Initially, d refers to the dog with a name of Tom, with x=100. That isn't a copy of the original object - it's a reference to the same object. Java passes the reference by value, which isn't the same as either passing an object by value or passing an object by reference. It's important to understand that the value of aDog in main isn't a Dog object - it's a reference to a Dog object. The value of that reference is passed, by value, to your foo method... so the initial value of d is the same as the value of aDog. Further changes to the d variable itself (rather than the object its value refers to) do not change the aDog variable.

So, looking at the rest of foo:

• After the ++d.x, d refers to the dog with a name of Tom, with x=101.
• After d = new Dog("Taz"), d refers to a dog with a name of Taz, with x=100.
• After the ++d.x, d refers to the dog with a name of Taz, with x=101.

The calling code only ever knows about the dog with a name of Tom, so it prints out Tom 101.

Answer 2

You increment x once, on the dog that was given to the method ("Tom").

Then you create a new dog, called Taz.

You then increment x for that second dog. It won't affect the original one, and both dogs will be at 101.

As for why the calling method still refers to "Tom", even though you changed your local variable to point at "Taz": That's because a local variable is just that: local to the place it is used. The caller does not care about what you do with it later, its own variable will still point at "Tom".

Because Java does not support pass-by-reference or "out parameters", there is nothing the called function can do to change the value of variables in the calling function.
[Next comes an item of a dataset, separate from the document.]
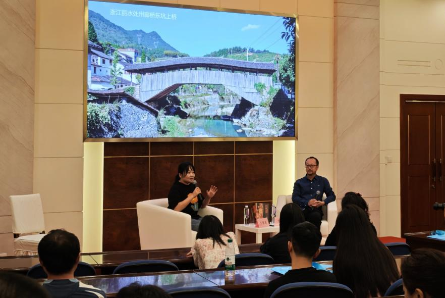 分享会上,王慧莲分享了众多令她动容的古迹故事,其中尤以形态各异、承载着丰富地域文化与营造智慧的古廊桥为例。比如浙江省泰顺县的两座廊桥,2014年王慧莲曾前往当地探访记录,2016年台风莫兰蒂将廊桥冲毁。“2017年国庆我再去的时候,发现桥被重建了。洪水退了之后,当地的老乡把被冲走的桥体构件又给捞回来,能用的继续用到重建的桥上,我觉得他们盖起来的不光是一个桥,更是这种造桥技艺的传承,是对前人的敬仰。”王慧莲说道。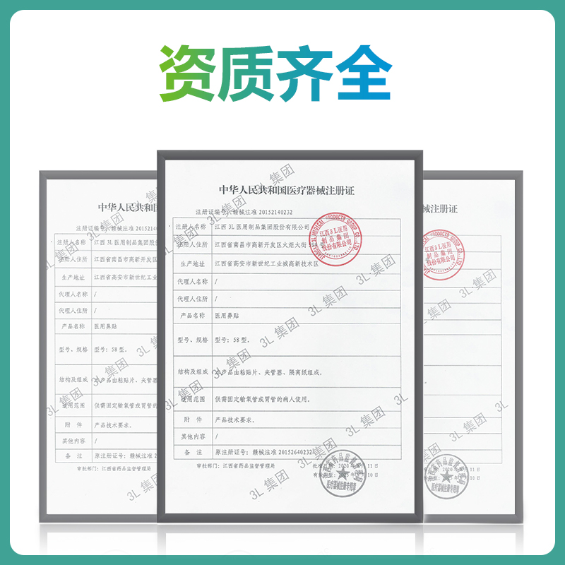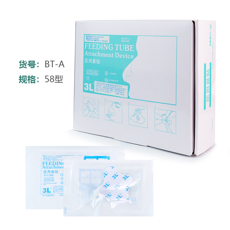 医用鼻贴:由无纺布、医用压敏胶、夹管器、隔离纸制成。供需固定输氧管或胃管的病人使用。

But note that objects are not stored in variables. Only a pointer to them is stored there. The actual object instance itself is in a shared location (the program heap memory). So the called method can indeed change the object. But it cannot assign a different object into the calling function.

---

Takeaway: Make your local variables final, especially method parameters. Then you cannot reuse the same variable for two different things, and the code becomes less confusing.

Answer 3

Java is always Pass By Value:

main():

Dog aDog = new Dog("Tom"); // {name="Tom", x=100}

foo():

++d.x;                     // {name="Tom", x=101}
d = new Dog("Taz");        // {name="Taz", x=100}
++d.x;                     // {name="Taz", x=101}

However, you can get entirely new copy but you need to return it.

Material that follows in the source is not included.